Die Schnellzug-Dampflokomotive 18 505 der Deutsche Gesellschaft für Eisenbahngeschichte (DGEG), ex DB 018 505-8 (DB), ex DB 18 505, ex DRG 18 505, ex KBayStB S 3/6 "3706", am 31.05.2014 ausgestellt im Eisenbahnmuseum Neustadt a d. Weinstraße.
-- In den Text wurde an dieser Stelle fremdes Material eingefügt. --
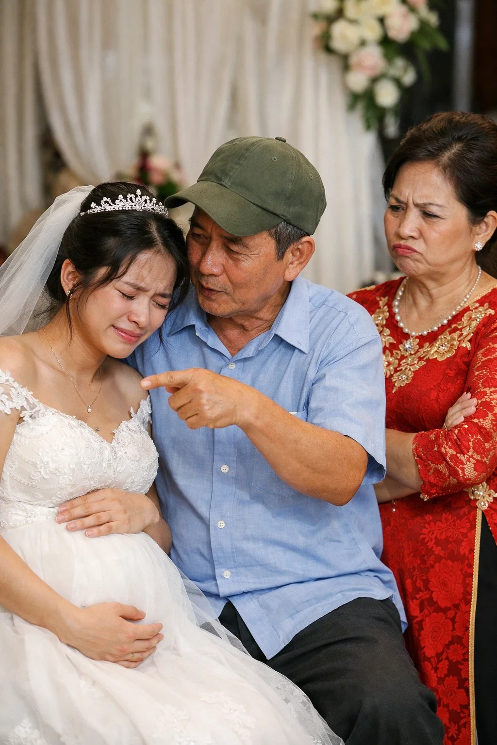 Tiếng bà vang lên giữa sân, khách khứa xung quanh im phăng phắc, chỉ còn nghe tiếng gió lùa xào xạc qua tấm phông cưới. Thủy nghe thấy, bật khóc nức nở trong phòng. Mẹ cô ho///ảng loạ///n, chạy vào ôm con, còn bố cô đứng ch///ết trân ngoài sân, hai bàn tay siết chặt.

Die Dampflokomotiven der Gattung S 3/6 der Königlich Bayerischen Staatsbahn (Baureihe 18.4-5 der Deutschen Reichsbahn und der DB) waren Schnellzuglokomotiven mit der Achsfolge 2'C1' (Pacific). Diese BR fuhren u.a. den berühmten RHEINGOLD - EXPRESS.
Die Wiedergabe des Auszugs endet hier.